Solution: Check the Docker logs for any error messages using the command:

bash
docker logs [container_name]
  • Ensure all required environment variables are set correctly in the .env file.
  • Verify that all Docker services defined in docker-compose.yml are correctly configured and the necessary images are available.
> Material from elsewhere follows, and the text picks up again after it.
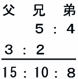 また、父の速さは兄の1.5倍なので、父と兄の速さの比は、父:兄=1.5:1=3:2です。

Connection issues with Redis

Symptom: Errors related to connecting to Redis, such as timeouts or "Connection refused".

Solution:

  • Ensure that the Redis service is up and running in your Docker environment.
  • Verify that the REDIS_URL and REDIS_RATE_LIMIT_URL in your .env file point to the correct Redis instance, ensure that it points to the same URL in the docker-compose.yaml file (redis://redis:6379)
  • Check network settings and firewall rules that may block the connection to the Redis port.

API endpoint does not respond

Symptom: API requests to the Firecrawl instance timeout or return no response.

Solution:

  • Ensure that the Firecrawl service is running by checking the Docker container status.
  • Verify that the PORT and HOST settings in your .env file are correct and that no other service is using the same port.
  • Check the network configuration to ensure that the host is accessible from the client making the API request.

By addressing these common issues, you can ensure a smoother setup and operation of your self-hosted Firecrawl instance.

Install Firecrawl on a Kubernetes Cluster (Simple Version)

Read the examples/kubernetes/cluster-install/README.md for instructions on how to install Firecrawl on a Kubernetes Cluster.

Install Firecrawl on a Kubernetes Cluster with Helm

Read the examples/kubernetes/firecrawl-helm/README.md for instructions on how to install Firecrawl on a Kubernetes Cluster with Helm.